Sunday, May 19, 2024

Million-dollar boost for Tāmaki Makaurau arts and culture 

More than 40 arts groups and artists across Tāmaki Makaurau are set to receive support to help them deliver a smorgasbord of creative events and activities.

Auckland Council’s Planning, Environment and Parks Committee today approved $1.03 million in arts funding from the council’s Regional Arts and Culture grants programme.   

Committee deputy chair, Councillor Angela Dalton says the range of unique experiences supported by this year’s grants are bound to captivate people across all ages and interest groups.

“Every year, we are seeing more people embrace the arts and get involved. The benefit that brings to our city is invaluable,” Cr Dalton says.

“We know that investing in the people who make these wonderful experiences happen leads to a flourishing creative economy and makes Tāmaki Makaurau a better place to live.”

The programme aims to support a wide range of community-led initiatives to provide inspiring experiences to more Aucklanders, in line with Toi Whītiki, Auckland’s Arts and Culture Strategic Action Plan.

Funding is allocated across three categories, allowing a wide range of regional artists and organisations an opportunity to be considered for grants, ranging from $8,000 for digital content support to $180,000 over three years to provide ongoing strategic support to an art gallery.

“We are lucky to have such a rich pool of talent within our region. I hope all Aucklanders embrace the opportunities to see these artists in action and to be enriched,” says Cr Dalton.  

The committee says it first considered smaller high-quality initiatives that may not otherwise have had the financial means to reach a final curtain call – for audience development and programming grants.

Professional performers from The Dust Palace (Photo/Paul Menezes).

Some experiences from this year’s recipients to watch out for include Neke – a Māori and Pacific stage production, Badjelly the Witch Glowshow, performances from Choirs Aotearoa New Zealand, and Āhurutanga Poetry Nights. 

More established organisations were considered for business and capacity development grants, to support strategic, business and marketing plans, digital and web activities. Recipients in this group include Portage Ceramics, the Auckland Festival of Photography and Atamira Dance Collective.

The third category – strategic relationships – supports organisations that already contribute to Tāmaki Makaurau’s overall thriving arts and culture sector, with extended funding over two or three years.

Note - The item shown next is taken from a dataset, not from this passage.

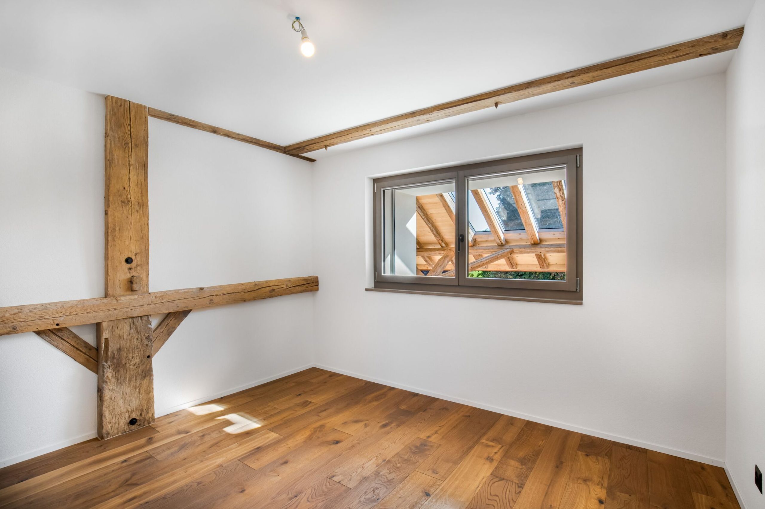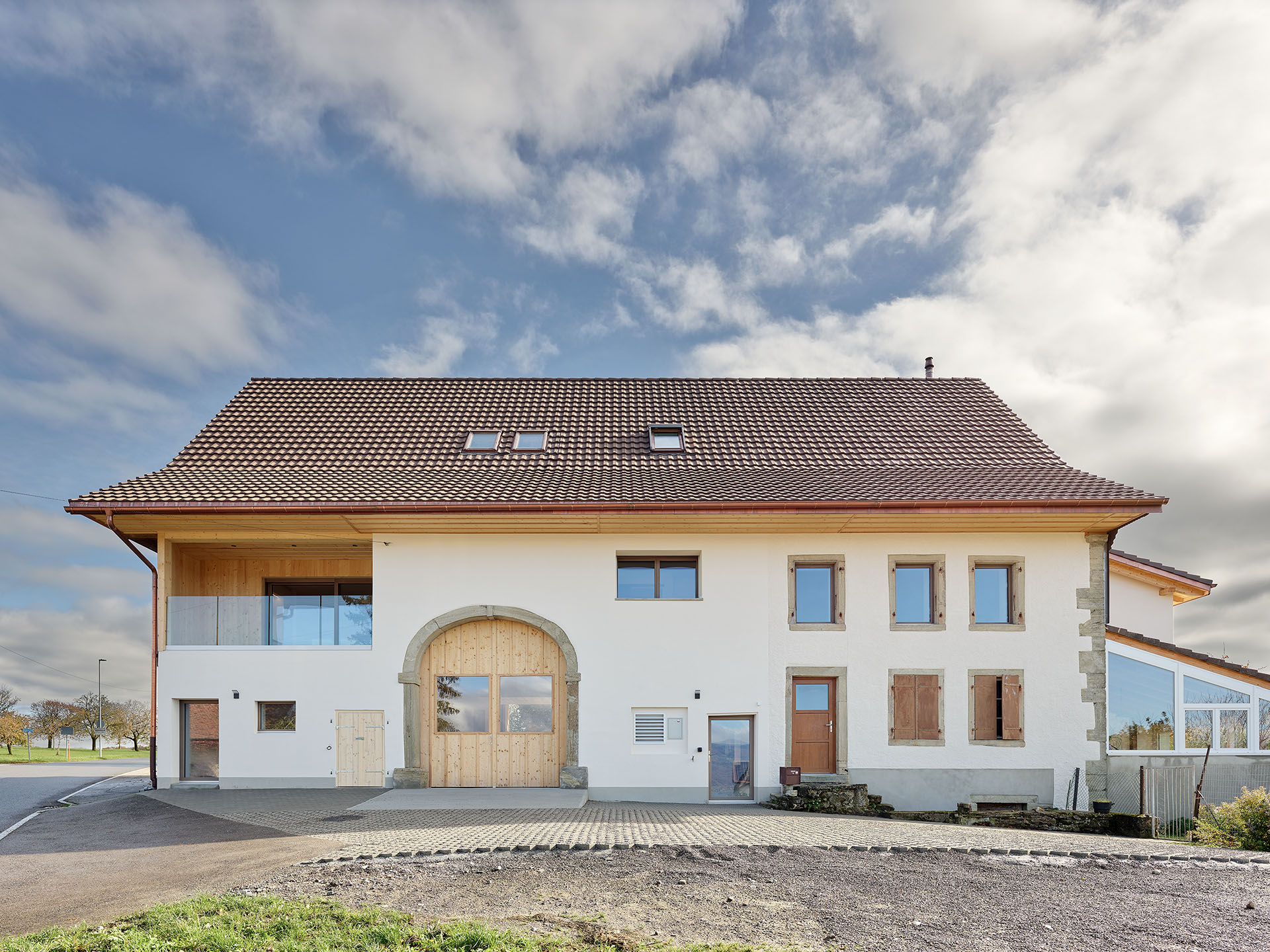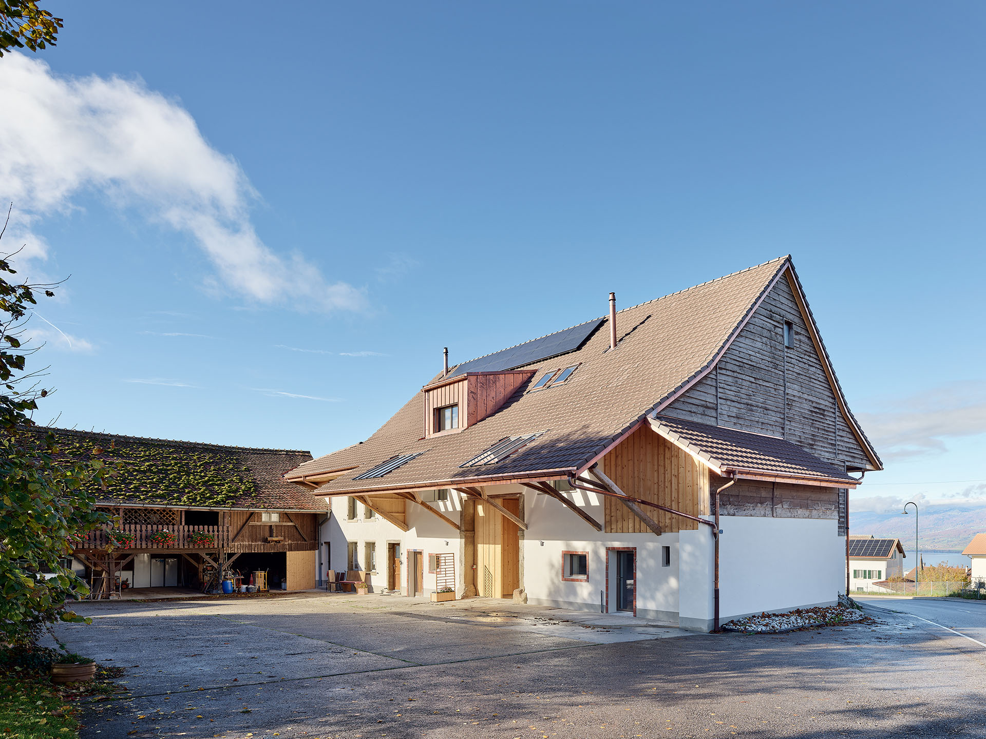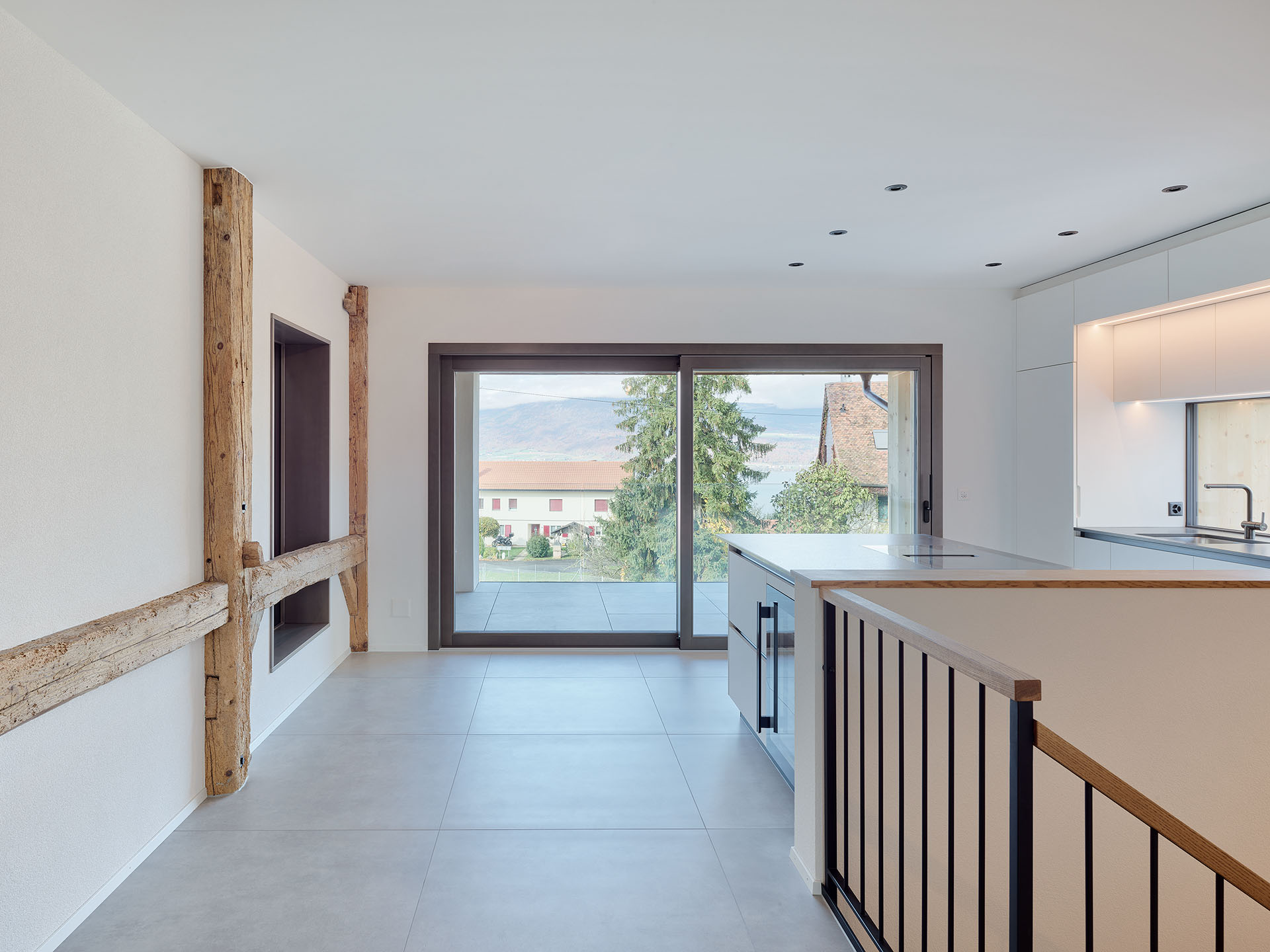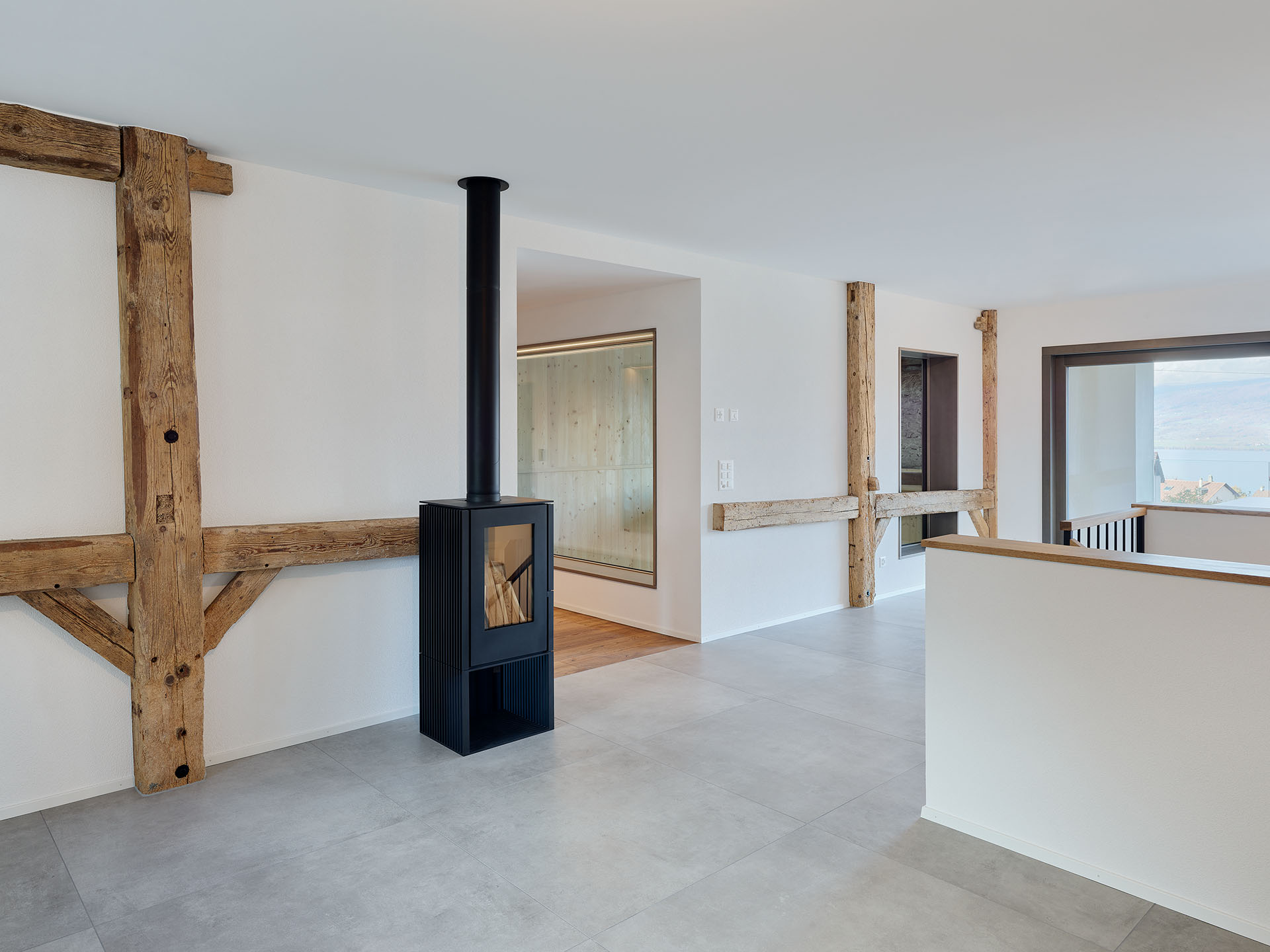 À Châbles, cette ancienne ferme a retrouvé vie à travers une rénovation complète, à la fois audacieuse et respectueuse du bâtiment d’origine. La toiture a été entièrement refaite, et l’intérieur accueille désormais un appartement en triplex où chaque détail reflète la qualité du travail artisanal.

Objectspace, Te Pou Theatre, the Basement Theatre, Silo Theatre, New Zealand Comedy Trust and New Zealand Dance Festival are among the well-known successful applicants to receive ongoing grants.

In addition, the committee has approved a three-year grant this year to The Dust Palace; an innovative Tāmaki Makaurau-based circus performance company aiming to lift circus sector standards internationally through kaupapa Māori circus training.

Unsuccessful applicants have been provided with guidance to support future fund applications and advice on alternative funding avenues.